Photovoltaic solar panels are panels which trap light energy from the sun and convert it into usable electricity. The photovoltaic panels are made up of several layers of specific materials which are structured in a way that allows light energy to be converted into electrical energy. Solar electrical energy is clean, safe, and renewable, making it an ideal replacement for electricity generated by burning fossil fuels.
A single solar panel, or solar cell, contains several different types of material, layered in a single stack. The top of the panel is a layer called the encapsulate, which is made from clear plastic or glass. This layer protects the cell from the elements. Beneath this layer is the contact grid, a metal conducting material which attracts electrons in the presence of solar energy. Below the contact grid is an anti-reflective coating which helps light enter the solar panel by preventing light from being reflected away.

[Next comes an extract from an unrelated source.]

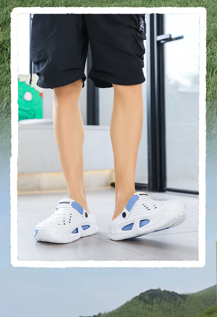 森馬洞洞鞋男夏季外穿踩屎感防滑耐磨厚底凉鞋男士开车运动溯溪沙滩鞋 灰色【基础款】 38-39 【现货秒发】

The next two layers in photovoltaic solar panels are made of silicon compounds. Beneath the anti-reflective coating is a layer of N-type silicon, made by adding a compound with five valence electrons, such as phosphorous. Each phosphorous molecule can bind to four silicon molecules, with the fifth electron free to conduct energy.
Below this is a layer of P-type silicon, a silicon compound to which is added an element with three valence electrons, such as boron. The addition of boron to silicon creates an unequal bonding situation in which electrons ‘jump’ from one boron-silicon complex to anther. It is this fluid state that allows the compound to act as a conductor. The final layer is a layer of metal, which covers the lower surface of photovoltaic solar panels and acts as a conductor.
In the presence of sunlight, light energy is absorbed by the solar panel, causing electrons to flow freely. This free movement of electrons is enabled as a result of the presence of loosely-bonded electrons, due to the addition of compounds such as phosphorous and boron to the silicon layers. Free electrons are attracted to the metal conductors in the panel, and the movement of these electrons creates electrical current, which can be drawn off to generate light or heat.
Concern over the planet’s supply of non-renewable fossil fuels has been a common theme for decades, but only recently has the possibility of wide-spread use of photovoltaic solar panels been a reality. Heating homes and buildings is the most common application for these photovoltaic systems, but the cost of these systems remains prohibitive for most households. Despite the high start-up costs of solar photovoltaics, significant amounts of new construction contain these systems either as main or back-up power supplies.
The main advantage of these systems is that once they have been set up, maintenance and running costs are extremely low. The North Carolina University Solar House, for example, is a prime illustration of how photovoltaic solar panels can provide a cheap and plentiful source of energy. The house has been running since 1981 on the same solar energy system, and costs less than $70 to heat during a single winter season.